**What is required**
Please show every line in the entries below that includes the word "этап".
=== Information ===
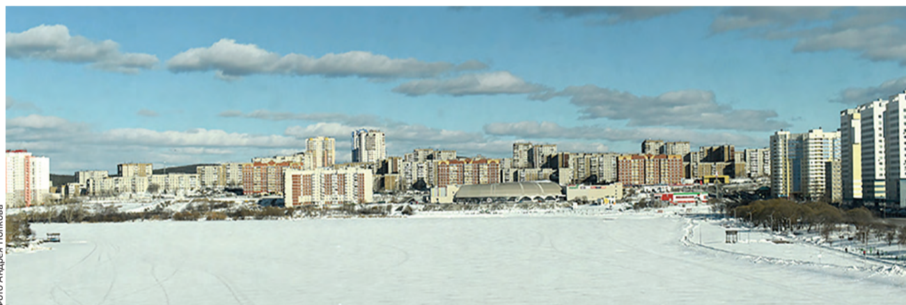
Очередной этап: набережная вновь в списке претендентов на благоустройство

Помимо голосования для участия Первоуральска в конкурсе по благоустройству стартовал и первый этап уже привычного голосования – за территорию, которую благоустроят через год. В списке значатся 15 объектов. До 15 февраля жители городского округа должны определить 5 территорий, которые затем будут включены в рейтинговое голосование.
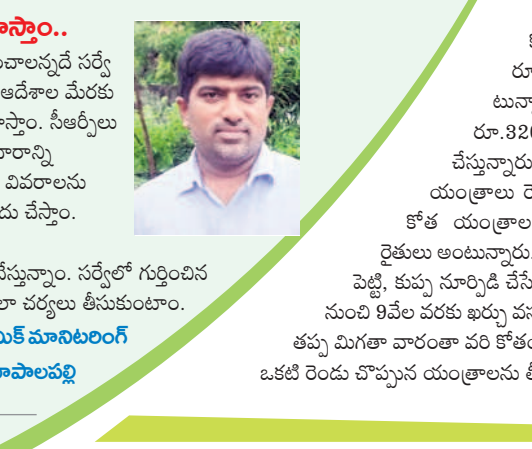
- కె.లక్ష్మణ్, జిల్లా అధికారి మానిలలింగం

అందరికీ విద్య అందించాలన్నదే సర్వే లక్ష్యం. ఉన్నతాధికారుల ఆదేశాల మేరకు పక్కడంటేగా సర్వే నిర్వహిస్తాం. సీఆర్ టీలు క్షేత్రస్థాయిలో వెళ్లి సమాచారాన్ని సేకరిస్తారు. బడిబయట పిల్లలను గుర్తించి తక్షణమే సంబంధిత గ్రామ పాఠశాల హెచ్.ఎం.తో ప్రభుత్వ పాఠశాలలో చేర్పించాలి. బడిబయట పిల్లలను గుర్తించి తక్షణమే సంబంధిత గ్రామ పాఠశాల హెచ్.ఎం.తో ప్రభుత్వ పాఠశాలలో చేర్పించాలి. బడిబయట పిల్లలను గుర్తించి తక్షణమే సంబంధిత గ్రామ పాఠశాల హెచ్.ఎం.తో ప్రభుత్వ పాఠశాలలో చేర్పించాలి. బడిబయట పిల్లలను గుర్తించి తక్షణమే సంబంధిత గ్రామ పాఠశాల హెచ్.ఎం.తో ప్రభుత్వ పాఠశాలలో చేర్పించాలి.
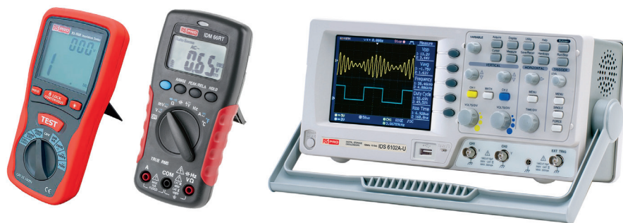
Рис. 4. Линейка контрольно-измерительных приборов

В современной промышленности измерение — одно из самых востребованных направлений, для этой задачи выпускается множество приборов, будь то различные датчики и сенсоры или мультиметры, осциллографы и т.д. Перечень оборудования настолько велик, что, казалось бы, трудно даже вообразить компанию, способную объединить в ассортименте все варианты. Однако RS Pro и в этом сегменте может предложить намного больше, чем остальные: различные виды осциллографов, анализаторов спектра, мультиметров, измерителей влажности и анемометров, а также любое другое измерительное
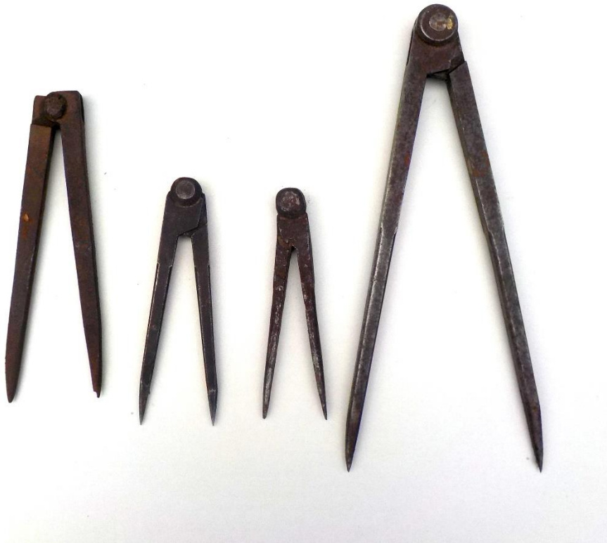
Quatre compas métalliques.
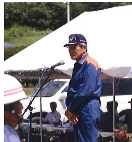
石橋消防協会会長挨拶
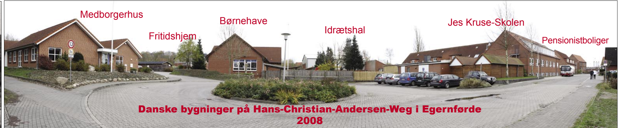
Danske bygninger på Hans-Christian-Andersen-Weg i Egerfnørde 2008
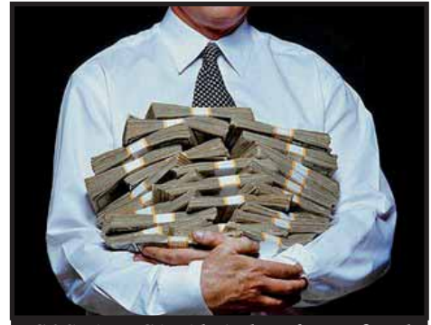
COSTA RICA: Abajo la reforma fiscal de Laura Chinchilla
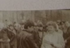
Учась учнів Білоуської школи з гри «Вривіть»
===
**Written answer**
Очередной этап: набережная вновь в списке претендентов на благоустройство
Помимо голосования для участия Первоуральска в конкурсе по благоустройству стартовал и первый этап уже привычного голосования – за территорию, которую благоустроят через год. В списке значатся 15 объектов. До 15 февраля жители городского округа должны определить 5 территорий, которые затем будут включены в рейтинговое голосование.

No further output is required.